博報堂DYMPが生成AIで物体検出技術を開発
博報堂DYメディアパートナーズの研究開発プロジェクトAaaS Tech Labは、ルームクリップ株式会社との共同研究により、大規模言語モデルを活用した画像中の任意の物体検出ソリューションを開発した。このソリューションでは、Meta社のSegment Anything Modelと近年注目されているLLM(Large Language Model:大規模言語モデル)を活用することで、自然言語による柔軟なチューニングが可能となり、高精度な物体検出を実現している。

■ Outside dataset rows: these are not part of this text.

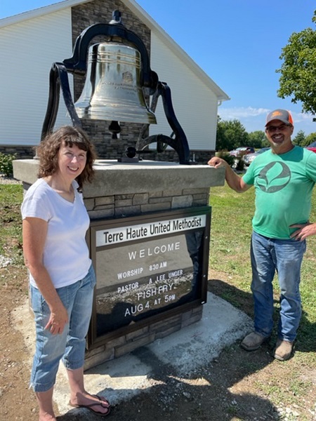 Terre Haute United Methodist Church Welcomes folks to their Sunday Worship at 8:30 a.m. and to Thursday's annual FISH FRY this Thursday, August 4th at 5 p.m. after Covid had interrupted their annual event that gathers friends around the community from far and near. James Mohr and his sister Annetta Ziegler stand with the newly erected marquee and bell in memory of their parents, the late Lowell and Jane Mohr.
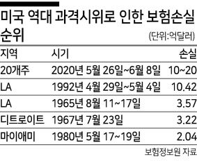 앞선 최고치 보험 손실은 1992년 로스앤젤레스(LA)에서 있었던 ‘로드니 킹’ 사건을 계기로 한 시위(4월29~5월4일)로 조사됐다. 당시 손실액은 7억7500만달러인데, 현재 가치로 환산하면 10억4200만달러에 달한다. 역대 보험손실 상위 10위안에 드는 시위는 모두 특정 도시에서 발생한 걸로 확인된다.
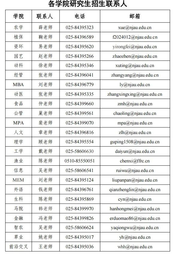 電話:025-84395345郵箱:yzb@njau.edu.cn南京農(nóng)業(yè)大學(xué)研究生招生辦公室
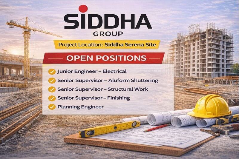 Siddha Group is hiring experienced professionals for multiple roles at its Siddha Serena Project Site. The organization is known for delivering high-quality residential and real estate developments and offers a professional work environment with growth opportunities.
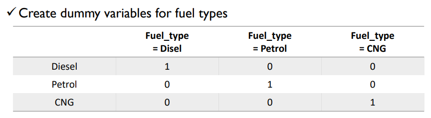- Fuel_Type간의 선형적인 관계가 없기 때문에 one hot encoding이 적절하다.
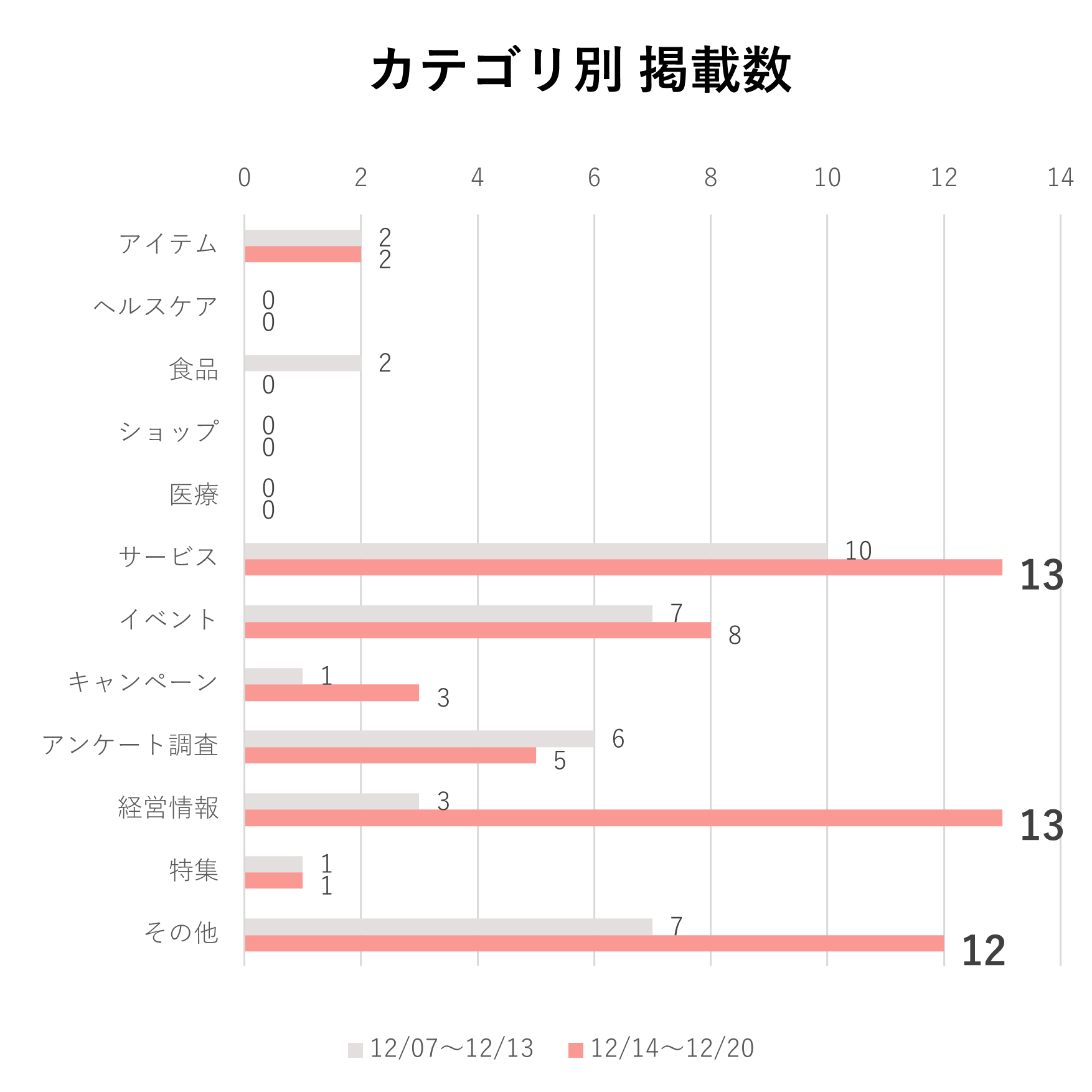 カテゴリ別では「サービス」「経営情報」が各13本、「その他」が12本。
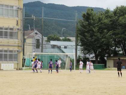 17日勧修中を会場に公式戦がありました。対戦相手は七条中でしたが,善戦したものの力及ばず,敗退しました。最後まであきらめずにボールを追う姿に,熱いものを感じました。
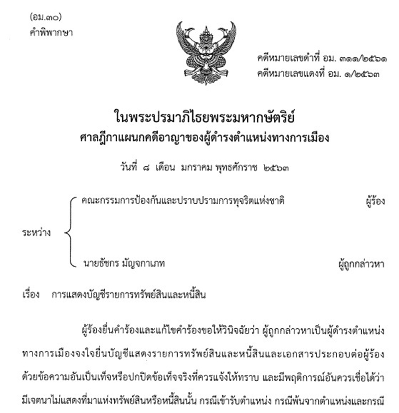 พิพากษาว่า นายธัชกร มัญจกาเภท ผู้ถูกกล่าวหา จงใจยื่นบัญชีแสดงรายการทรัพย์สินและหนี้สินและเอกสารประกอบต่อคณะกรรมการ ป.ป.ช. ด้วยข้อความอันเป็นเท็จหรือปกปิดข้อเท็จจริงที่ควรแจ้งให้ทราบกรณีพ้นจากตําแหน่งรองนายกเทศมนตรีตําบลกังแอน อ.ปราสาท จ.สุรินทร์ และกรณีเข้ารับตําแหน่งนายก อบต.กังแอน ตามพระราชบัญญัติประกอบรัฐธรรมนูญว่าด้วยการป้องกันและปราบปรามการทุจริต พ.ศ. 2542 มาตรา 32 และมาตรา 33 ให้ผู้ถูกกล่าวหาพ้นจากตําแหน่งนายกองค์การ บริหารส่วนตําบลกังแอน ที่ดํารงอยู่ในปัจจุบันตั้งแต่วันที่ 22 เมษายน 2562 ซึ่งเป็นวันที่ศาลฎีกา แผนกคดีอาญาของผู้ดํารงตําแหน่งทางการเมืองมีคําสั่งให้ผู้ถูกกล่าวหาหยุดปฏิบัติหน้าที่ ตามพระราชบัญญัติประกอบรัฐธรรมนูญว่าด้วยวิธีพิจารณาคดีอาญาของผู้ดํารงตําแหน่งทางการเมือง พ.ศ. 2560 มาตรา 17 วรรคสอง และห้ามมิให้ผู้ถูกกล่าวหาดํารงตําแหน่งทางการเมืองหรือดํารงตําแหน่งใดในพรรคการเมืองเป็นเวลาห้าปีนับแต่วันที่ 8 มกราคม 2563 ซึ่งเป็นวันที่ศาลฎีกาแผนกคดีอาญาของผู้ดํารงตําแหน่งทางการเมืองวินิจฉัย ตามพระราชบัญญัติประกอบรัฐธรรมนูญว่าด้วยการป้องกันและปราบปรามการทุจริต พ.ศ. 2542 มาตรา 34 วรรคหนึ่ง กับมีความผิดตามพระราชบัญญัติประกอบรัฐธรรมนูญว่าด้วยการป้องกันและปราบปรามการทุจริต พ.ศ. 2542 มาตรา 119 ฐานจงใจยื่นบัญชีแสดงรายการทรัพย์สินและหนี้สินและเอกสารประกอบต่อคณะกรรมการ ป.ป.ช. ด้วยข้อความอันเป็นเท็จหรือปกปิดข้อเท็จจริงที่ควรแจ้งให้ทราบ กรณีพ้นจากตําแหน่งรองนายกเทศมนตรีตําบลกังแอน และกรณีเข้ารับตําแหน่งนายกองค์การบริหารส่วนตําบลกังแอน การกระทําของผู้ถูกกล่าวหาเป็นความผิดหลายกรรมต่างกัน ให้ลงโทษทุกกรรมเป็นกระทง ความผิดไป ตามประมวลกฎหมายอาญามาตรา 91 จําคุกกระทงละ 2 เดือน และปรับกระทงละ 8,000 บาท รวม 2 กระทง เป็นจําคุก 4 เดือนและปรับ 16,000 บาท ผู้ถูกกล่าวหาให้การ รับสารภาพ เป็นประโยชน์แก่การพิจารณา มีเหตุบรรเทาโทษ ลดโทษให้กึ่งหนึ่งตามประมวลกฎหมายอาญา มาตรา 78 คงจําคุก 2 เดือน และปรับ 8,000 บาท ไม่ปรากฏว่าผู้ถูกกล่าวหาเคยได้รับโทษจําคุกมาก่อน โทษจําคุกจึงให้รอการลงโทษไว้มีกําหนด 1 ปี ตามประมวลกฎหมายอาญา มาตรา 56 ไม่ชําระค่าปรับให้จัดการตามประมวลกฎหมายอาญา มาตรา 29, 30 คําขออื่นนอกจากนี้ให้ยก (คดีหมายเลขแดงที่ อม. 1/2563 วันที่ 8 ม.ค.2563)

従来の物体検出モデル開発には、目的に応じた大量の画像データと長時間の追加学習が必要であり、各プラットフォームのAPIを用いた開発ではモデルの柔軟な調整が困難という課題があった。本プロジェクトでは、LLMによるプロンプトを用いた物体検出フローを構築し、限られた計算リソースでも高速に動作し、カテゴリーの意味合いに応じて段階的に物体検出できるという特徴を持つ。

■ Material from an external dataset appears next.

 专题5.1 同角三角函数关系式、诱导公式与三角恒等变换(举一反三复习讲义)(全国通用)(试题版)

本ソリューションを活用した新機能は、ルームクリップのサービスにおいて2024年4月から段階的に導入されている。ユーザーが投稿した写真を自動で画像解析し、アイテムを特定してECサイトのURLリンクをカード形式で表示することで、閲覧ユーザーの利便性向上に寄与している。
今回の取り組みで得られた知見は、TV番組やCM、各種コンテンツ内の商品検出ソリューションへの適用や、博報堂DYグループが推進する広告メディアビジネスの次世代型モデルAaaSとして提供するTV広告やデジタル広告における各ソリューション群との連携による提供も行われる予定だ。

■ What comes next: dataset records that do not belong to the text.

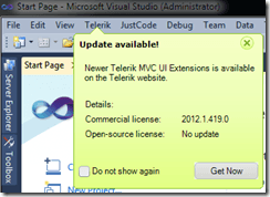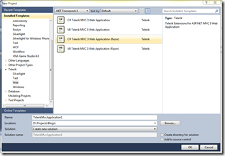 Telerik’s MVC extensions come with built in Visual Studio extensions to make project creation, and configuration, a snap. In addition, the extensions include a variety of project templates to help start new projects:
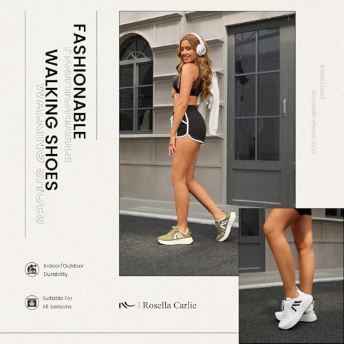 More information about Rosella Carlie White Sneakers for Women - Women's Fashion Sneakers with Honeycomb EVA Midsole - Lightweight Stylish Patchwork Casual Platform Lace Up Tennis Gym Workout Walking Runing Shoes
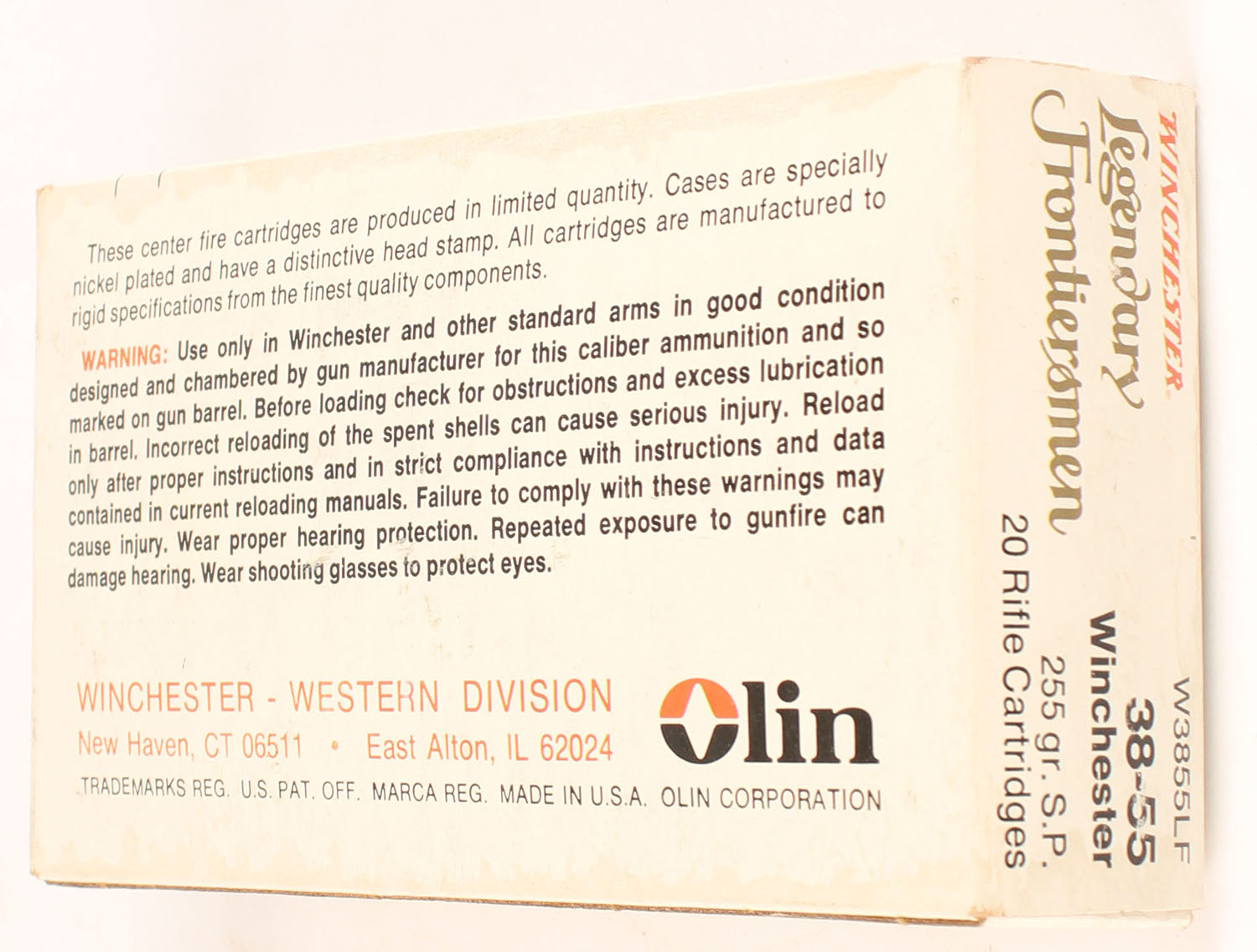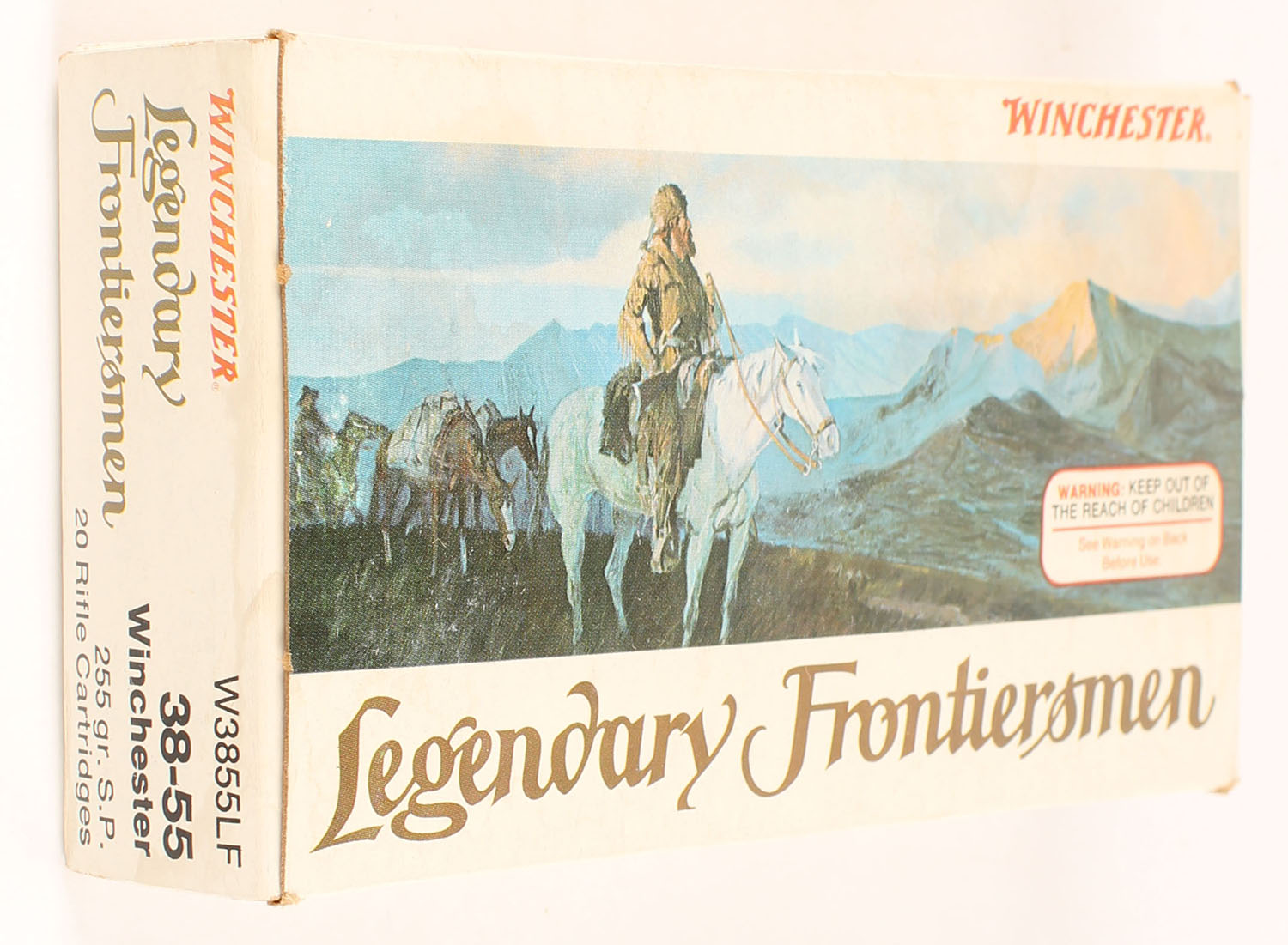 Winchester, Legendary Frontiersmen, .38-55 Winchester, 255 Grain Soft Point, Full, 1pc. Multi-colored box, box is solid with very good to excellent color, some staining, minor corner wear, edges are mostly crisp, end flaps are solid, ammo is minty. Grade: Very Good ++ - Value: 80 to 120

AaaSとは、博報堂DYメディアパートナーズが提唱する広告メディアビジネスのDXを果たす次世代型モデルであり、「広告枠の取引」によるビジネスから「広告効果の最大化」によるビジネスへの転換を見据えたものである。AaaS Tech Labは、従来の広告ビジネスやメディア・コンテンツを革新するために、テクノロジーの可能性を探求するプロジェクトとして位置づけられている。
博報堂DYメディアパートナーズは、今後も広告の効果最大化を可能にするさまざまなサービスを順次導入し、博報堂DYグループの各広告事業会社とともにメディアの広告価値の向上と広告主の事業目標の達成に貢献していく方針だ。